As most of the annotations cover also most of the wake of the marine vessel, the bounding boxes are significantly larger than a typical boat. There are a few annotations larger than 100 000 m², which are either cruise or cargo ships that are travelling along ordinal directions instead of cardinal directions, instead of e.g. smaller leisure boats.

Code

all_ships.bbox_area.describe()

count      8866.000000
mean       5167.597207
std       10840.414965
min         567.880229
25%        1567.112875
50%        2266.456435
75%        4970.987639
max      414795.692722
Name: bbox_area, dtype: float64

Diameter

Annotations typically have diameter less than 100 meters, and the largest diameters correspond to similar instances than the largest bounding box areas.

Code

all_ships.diam.describe()

count    8866.000000
mean       91.045323
std        58.957569
min        33.721374
25%        56.718731
50%        68.382853
75%       105.899522
max       913.890413
Name: diam, dtype: float64

Aspect ratio

Aspect ratio measures the ratio of the bounding boxes width to its height. Ratios close to 1 (\(10^0\)) mean near-square bounding boxes, ratios less than 1 correspond to boxes whose height is larger than width, and ratios larger than 1 correspond to boxes with height less than width. Overall the distribution of aspect ratios looks quite normal, and most boxes are either square or close to it.

Code

sns.histplot(all_ships.aspect_ratio, log_scale=True, kde=True).set_title('Aspect ratio')
plt.show()

Figure 8: Histogram for the aspect ratio of bounding boxes.
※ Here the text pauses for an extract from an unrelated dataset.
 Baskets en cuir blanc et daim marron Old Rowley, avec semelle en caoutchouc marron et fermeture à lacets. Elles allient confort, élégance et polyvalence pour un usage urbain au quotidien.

Training and validation data generation

geo2ml package provides utilities for converting geospatial data to formats accepted by different deep learning frameworks. In this work, YOLOv8 is used as the detection model, so the data must be converted to YOLO format.
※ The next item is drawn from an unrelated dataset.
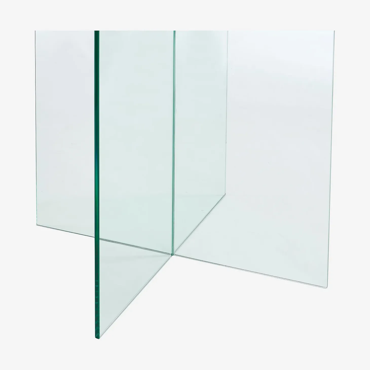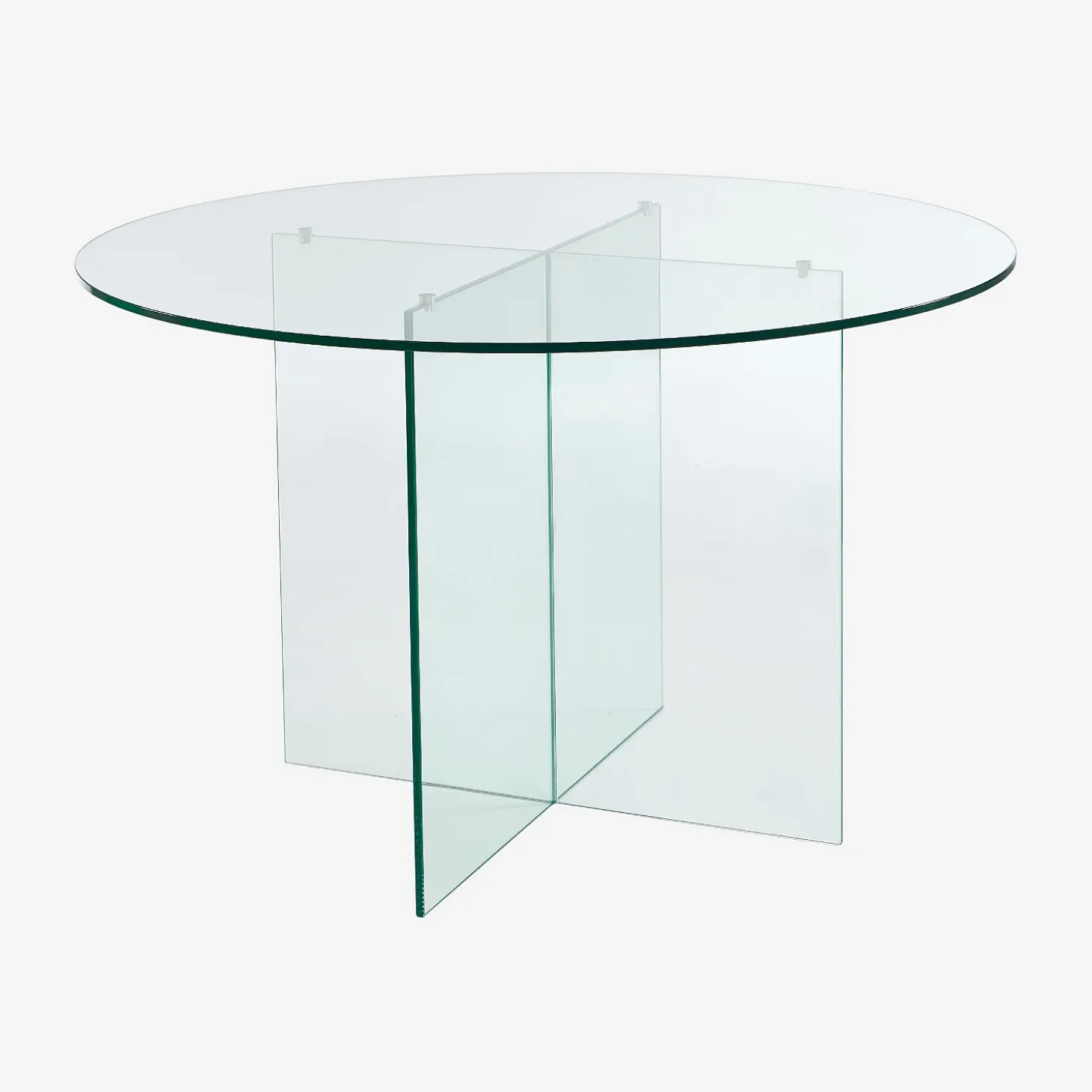 Son plateau rond capte et reflète la lumière avec fluidité, créant un jeu de clarté qui agrandit l’espace et accentue l’impression de légèreté. Le piètement en croix exprime une rigueur géométrique affirmée et souligne l’élégance contemporaine du modèle. Cet équilibre subtil entre structure et transparence confère à l’ensemble une silhouette sculpturale, à la fois discrète et iconique.

Training data is also split train and val sets spatially. We do this the following way:

Split the tile area into a 5x5 grid
Mark the data into five folds diagonally
Use the first fold as the validation data

If needed, this also makes it possible to do 5-fold CV.

Code

def make_fold_grid(poly, num_edge, crs) -> gpd.GeoDataFrame:
    xmin, ymin, xmax, ymax = poly.bounds
    dx = (xmax-xmin)//num_edge
    dy = (ymax-ymin)//num_edge
    polys = []
    folds = []
    for x, y in product(range(0, num_edge), range(0, num_edge)):
        xm = xmin+x*dx
        ym = ymin+y*dy
        polys.append(shapely.geometry.box(*(xm, ym, xm+dx, ym+dy)))
        folds.append(f'fold_{(x-y)%num_edge + 1}')
    return gpd.GeoDataFrame(data={'fold': folds, 'geometry': polys}, crs=crs)

Code

with rio.open(image_path/'34VEM/20220619.tif') as src:
    bounds = src.bounds
    crs = src.crs

Code

grid = make_fold_grid(shapely.geometry.box(*bounds), 5, crs)
grid['val'] = grid.fold.apply(lambda row: 1 if row == 'fold_1' else 0)
grid.plot(column='val', edgecolor='white')

The full data generation process can be found in scripts/make_yolo_data.py.